# Burning Oil Smell coming through Vents



## BeachBuggy (Dec 22, 2007)

I have a 95 HB ka24e and I recently changed my oil. I run mobil 1 synthetic 5w-30. A couple weeks later I noticed burning oil smell coming through my vents. I checked my oil level and it was down a half quart! I don't have any oil drip marks underneath where I park. I have been running the synthetic since I bought the truck. There always has been what seems like a slight leak around my valve cover, but I never smelled the buring oil smell and the oil level never went down that fast. I'm assuming it is slowly dripping onto the exhaust manifold. Is this an accurate assumption? Is this a common occurance with these trucks? Would switching to a non-synthetic thicker oil stop this? Is it bad to switch suddenly back to non-synthetic? Thanks..


----------



## rockcrusher44 (Oct 7, 2006)

BeachBuggy said:


> I have a 95 HB ka24e and I recently changed my oil. I run mobil 1 synthetic 5w-30. A couple weeks later I noticed burning oil smell coming through my vents. I checked my oil level and it was down a half quart! I don't have any oil drip marks underneath where I park. I have been running the synthetic since I bought the truck. There always has been what seems like a slight leak around my valve cover, but I never smelled the buring oil smell and the oil level never went down that fast. I'm assuming it is slowly dripping onto the exhaust manifold. Is this an accurate assumption? Is this a common occurance with these trucks? Would switching to a non-synthetic thicker oil stop this? Is it bad to switch suddenly back to non-synthetic? Thanks..
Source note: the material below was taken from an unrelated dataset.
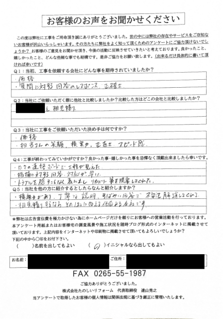 駒ヶ根市のお客様に工事前のアンケートに答えていただきました!

I think nowadays its completely safe to switch back and forth from synthetic to conventional oil. I've done it off and on in my 97 HB ka24e and never had any problems. It sounds like your valve cover leak may have gotten worse, whether that has anything to do with your syn. 5w-30 is anyones guess. You'll probably find an assload of opinions on both sides of that issue. Myself I would replace the valve cover gasket and take it from there. Its an easy and cheap fix and it needs to be done anyway. Before you do that you might want to just check to see if your valve cover might just be loose. I've had to retighten mine from time to time and it could save you a little extra work. Good luck.


----------



## dvdswanson (Nov 6, 2005)

X2 what he said.


----------



## BeachBuggy (Dec 22, 2007)

thanks guys, I'll check it out


----------